Segundo o levantamento, quase metade dos servidores e dos magistrados que respondeu ao diagnóstico usa a ferramenta nos tribunais. Entretanto, mais de 70% dos participantes, em ambos os grupos, informaram que a utilizam “raramente” ou “eventualmente”. Apesar de ser pouco utilizada, entre os que lançam mão da ferramenta, há um considerável uso para atividades do tribunal (27% dos magistrados e 31% dos servidores fazem uso na vida profissional).
Principais diretrizes da minuta
A resolução enfatiza que a utilização da inteligência artificial no Judiciário deve seguir princípios fundamentais como transparência, não discriminação, previsibilidade e segurança da informação. Entre as principais disposições estão:
Autonomia dos Tribunais: Cada tribunal poderá desenvolver e implementar suas próprias soluções tecnológicas, desde que sigam padrões de auditoria e monitoramento estabelecidos pela resolução.
Governança e fiscalização: A minuta prevê a criação do Comitê Nacional de Inteligência Artificial do Judiciário, responsável por supervisionar o uso da IA, garantir conformidade com a legislação vigente e reavaliar continuamente os impactos dos sistemas implantados.
Transparência e controle: O documento exige que todas as soluções de IA no Judiciário sejam auditáveis e monitoráveis, garantindo que sua utilização seja compreensível para os usuários e que as decisões automatizadas possam ser revisadas.
Riscos e restrições: Sistemas de IA que apresentem riscos excessivos, como aqueles que possam comprometer a independência do magistrado ou influenciar diretamente decisões judiciais, serão proibidos. Além disso, a classificação de risco das ferramentas será realizada com base em critérios rigorosos.
Proteção de dados e segurança: O desenvolvimento das soluções deverá observar as diretrizes da Lei Geral de Proteção de Dados (LGPD), garantindo a privacidade dos cidadãos e a segurança das informações processadas pelo Judiciário.
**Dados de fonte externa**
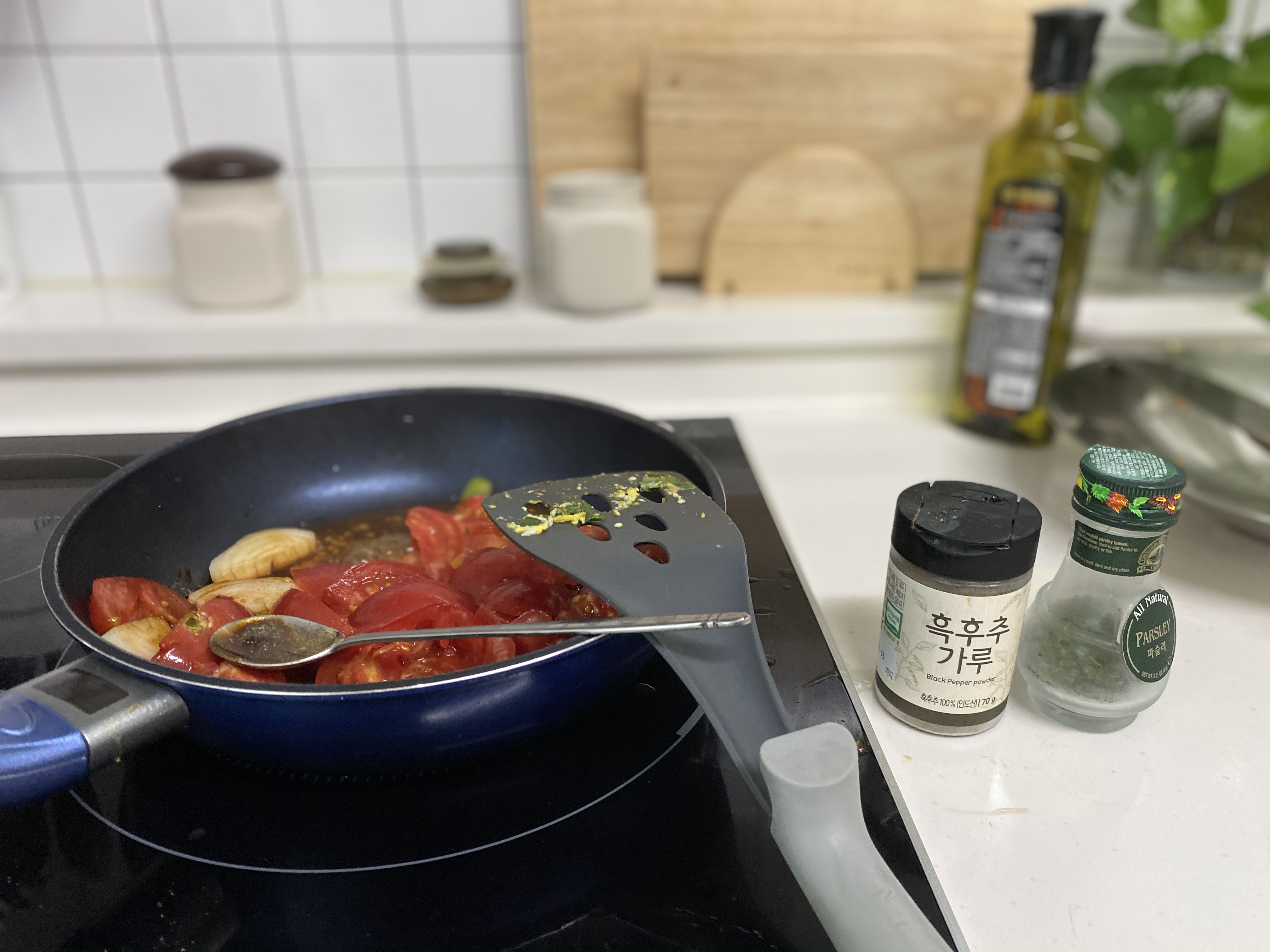 맛있는 아침을 토마토 달걀볶음으로 시작한다. 유후~

Uso da Inteligência Artificial Generativa
A minuta traz regras específicas para a utilização de ferramentas de IA generativa, como os modelos de linguagem de larga escala (LLMs). Essas ferramentas poderão ser utilizadas para auxiliar magistrados e servidores na gestão processual, desde que respeitem diretrizes de ética e segurança. Entre as restrições, destaca-se a vedação ao uso de IA para classificar ou ranquear indivíduos com base em comportamento ou situação social, bem como para fundamentar decisões judiciais sem a revisão humana adequada.
A proposta ainda determina que todas as soluções de IA utilizadas no Poder Judiciário sejam registradas na Plataforma Sinapses, um banco de dados que garantirá maior controle e supervisão sobre as ferramentas adotadas.
Próximos passos
Com a aprovação da minuta, o CNJ deverá promover discussões e audiências públicas para colher sugestões de magistrados, advogados e demais atores do sistema de justiça antes da publicação da versão final da resolução. O objetivo é garantir que as diretrizes sejam implementadas de forma eficiente e compatível com os princípios fundamentais da Justiça.
A resolução entrará em vigor após 120 dias da sua publicação oficial, e os tribunais terão um prazo de 12 meses para adequar suas soluções tecnológicas às novas exigências.